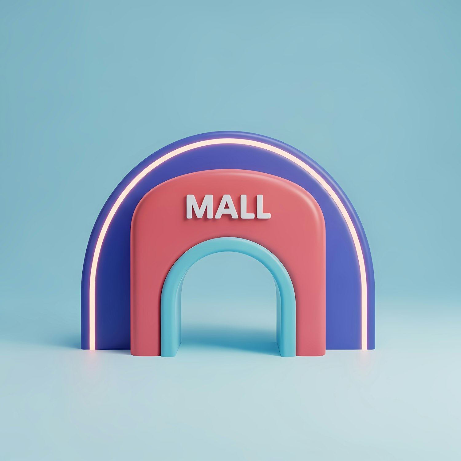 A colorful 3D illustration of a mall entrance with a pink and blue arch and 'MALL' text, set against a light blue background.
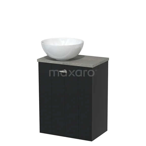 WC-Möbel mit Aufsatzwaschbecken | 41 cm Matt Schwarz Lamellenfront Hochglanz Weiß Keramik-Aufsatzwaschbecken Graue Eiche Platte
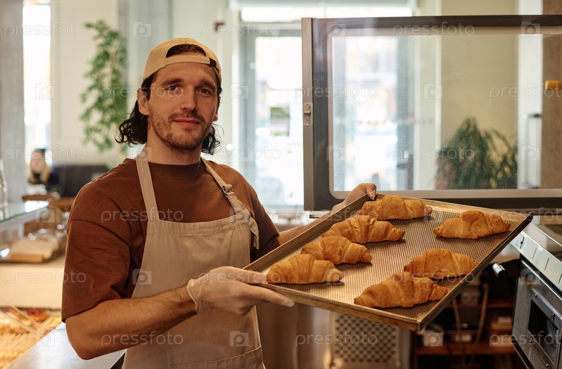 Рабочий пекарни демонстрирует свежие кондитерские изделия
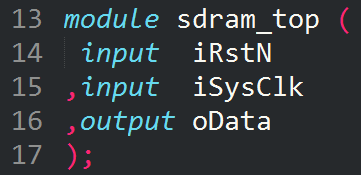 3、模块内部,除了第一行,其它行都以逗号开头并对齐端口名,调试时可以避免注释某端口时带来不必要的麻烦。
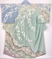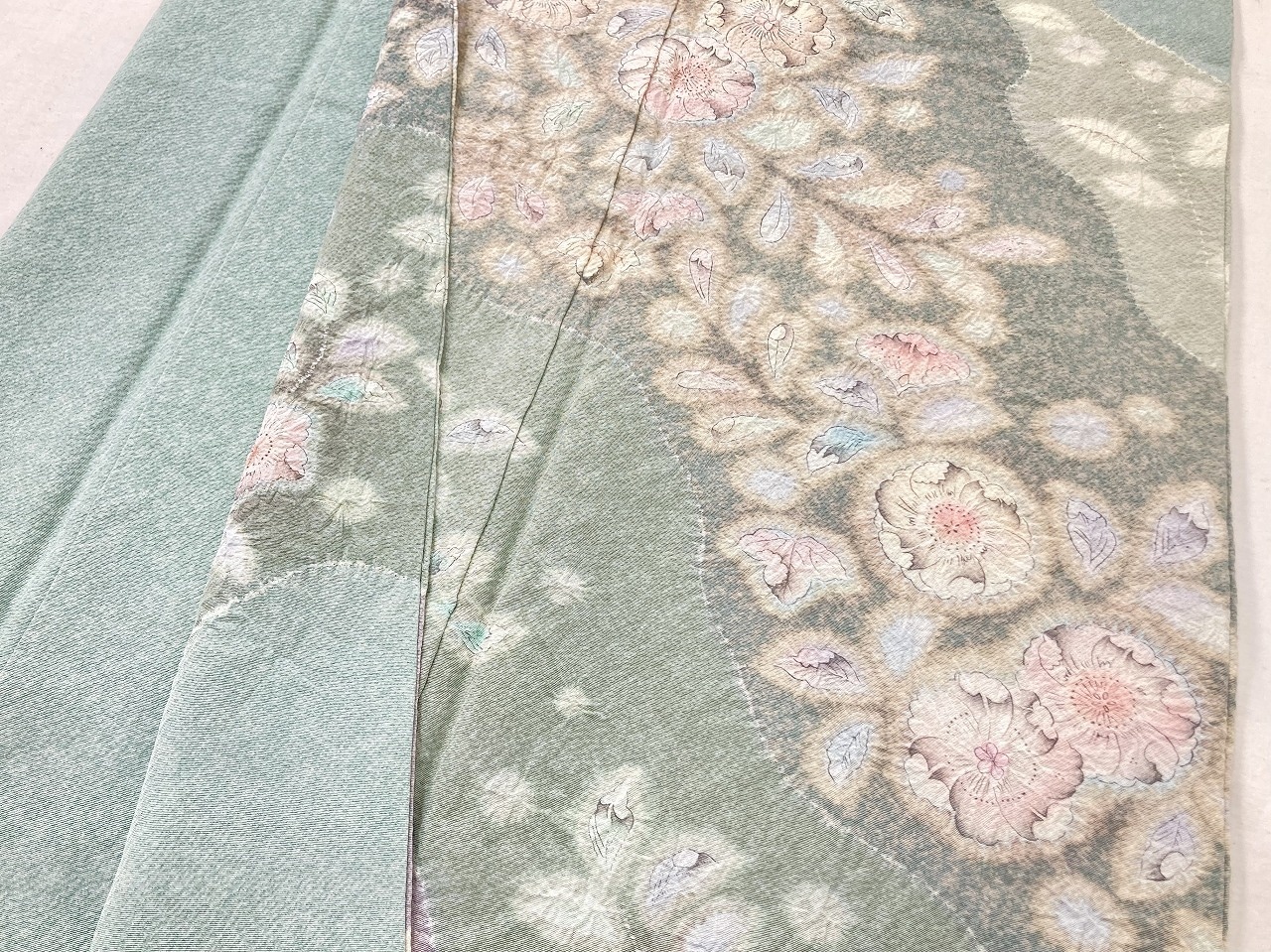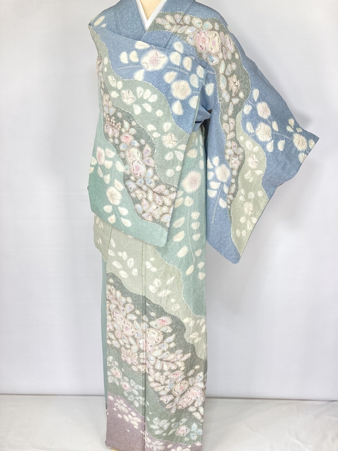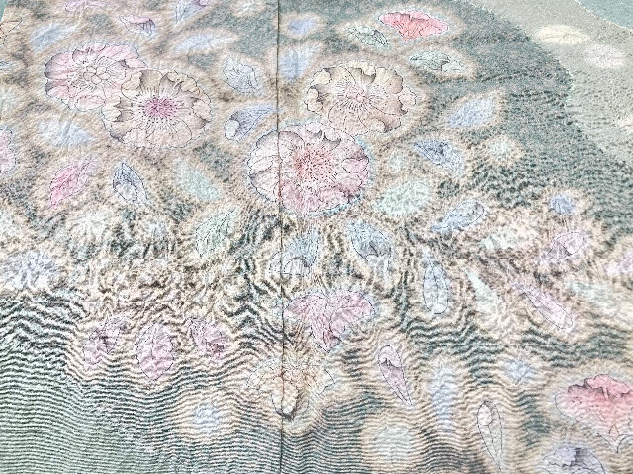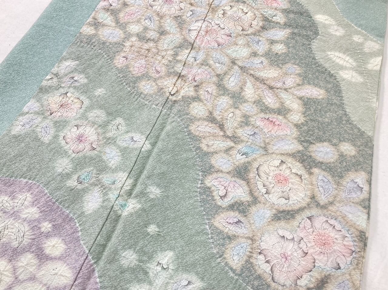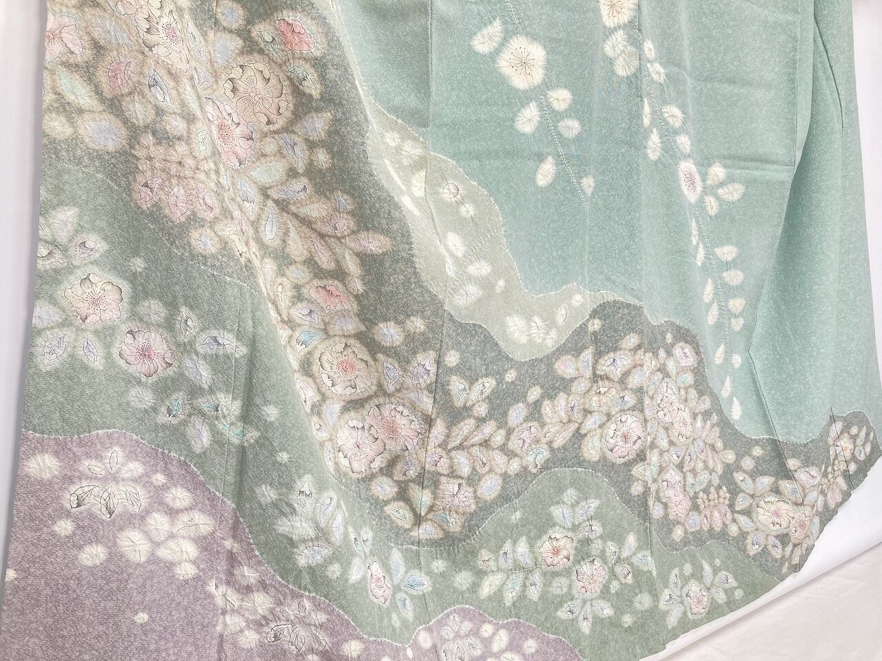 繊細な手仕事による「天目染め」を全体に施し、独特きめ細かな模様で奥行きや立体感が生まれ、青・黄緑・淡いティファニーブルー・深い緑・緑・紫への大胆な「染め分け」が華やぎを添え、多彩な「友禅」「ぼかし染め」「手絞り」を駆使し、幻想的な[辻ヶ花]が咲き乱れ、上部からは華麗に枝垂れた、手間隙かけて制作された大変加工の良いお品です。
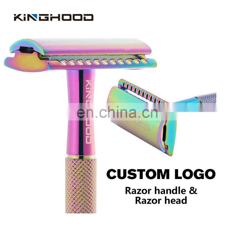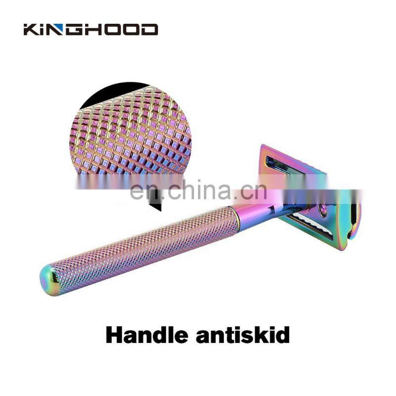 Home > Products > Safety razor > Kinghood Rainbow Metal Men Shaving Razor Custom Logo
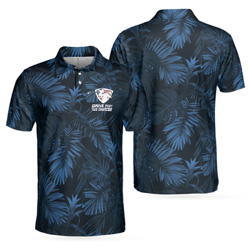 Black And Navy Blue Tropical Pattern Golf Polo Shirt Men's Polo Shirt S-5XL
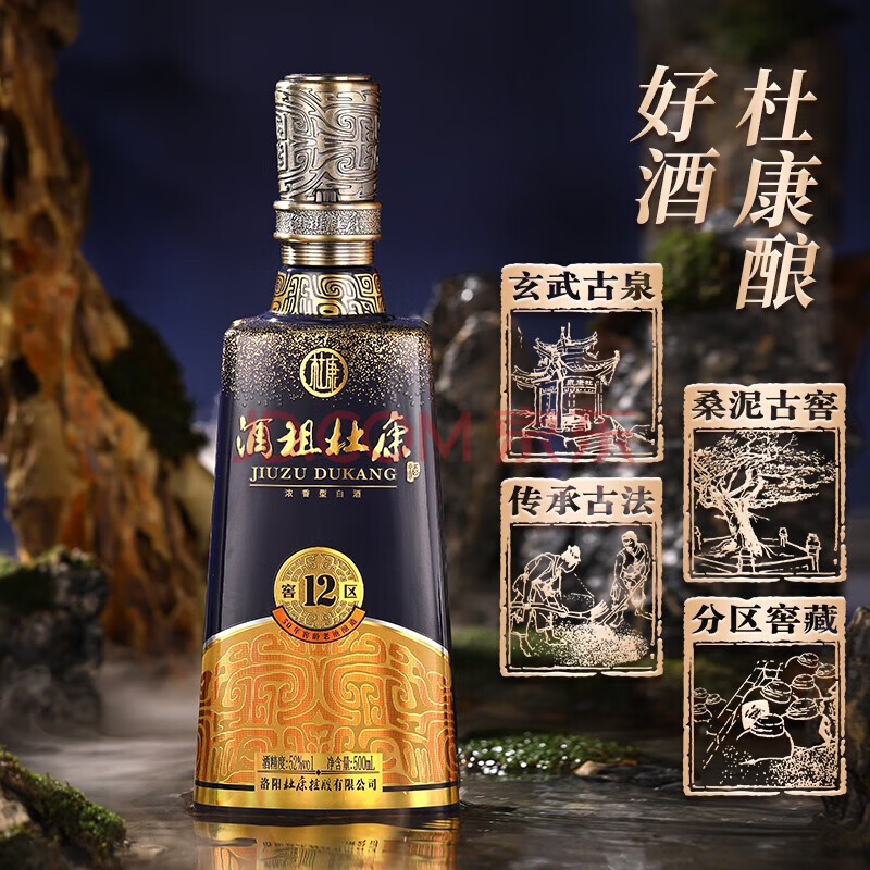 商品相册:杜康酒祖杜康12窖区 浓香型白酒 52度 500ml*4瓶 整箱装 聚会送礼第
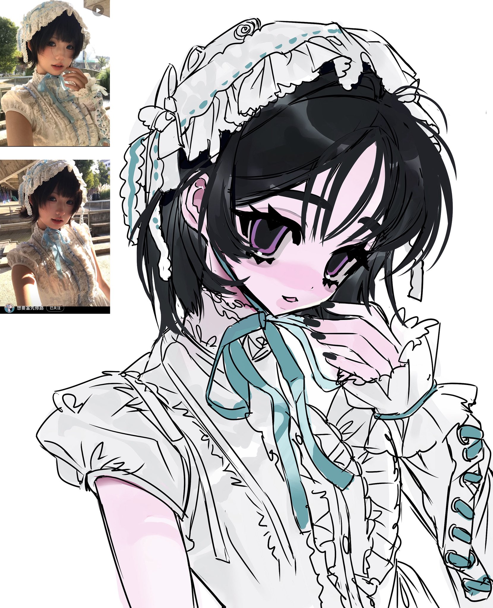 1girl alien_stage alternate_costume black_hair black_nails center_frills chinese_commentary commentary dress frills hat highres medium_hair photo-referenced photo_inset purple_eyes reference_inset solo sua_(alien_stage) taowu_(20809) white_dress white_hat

======

*EXERCISE*: All of the entries need to be copied exactly, minus any pictures.

*ANSWER FOR THE TASK*:
 A colorful 3D illustration of a mall entrance with a pink and blue arch and 'MALL' text, set against a light blue background.
 WC-Möbel mit Aufsatzwaschbecken | 41 cm Matt Schwarz Lamellenfront Hochglanz Weiß Keramik-Aufsatzwaschbecken Graue Eiche Platte
 Рабочий пекарни демонстрирует свежие кондитерские изделия
 3、模块内部,除了第一行,其它行都以逗号开头并对齐端口名,调试时可以避免注释某端口时带来不必要的麻烦。
 繊細な手仕事による「天目染め」を全体に施し、独特きめ細かな模様で奥行きや立体感が生まれ、青・黄緑・淡いティファニーブルー・深い緑・緑・紫への大胆な「染め分け」が華やぎを添え、多彩な「友禅」「ぼかし染め」「手絞り」を駆使し、幻想的な[辻ヶ花]が咲き乱れ、上部からは華麗に枝垂れた、手間隙かけて制作された大変加工の良いお品です。
 Home > Products > Safety razor > Kinghood Rainbow Metal Men Shaving Razor Custom Logo
 Black And Navy Blue Tropical Pattern Golf Polo Shirt Men's Polo Shirt S-5XL
 商品相册:杜康酒祖杜康12窖区 浓香型白酒 52度 500ml*4瓶 整箱装 聚会送礼第
 1girl alien_stage alternate_costume black_hair black_nails center_frills chinese_commentary commentary dress frills hat highres medium_hair photo-referenced photo_inset purple_eyes reference_inset solo sua_(alien_stage) taowu_(20809) white_dress white_hat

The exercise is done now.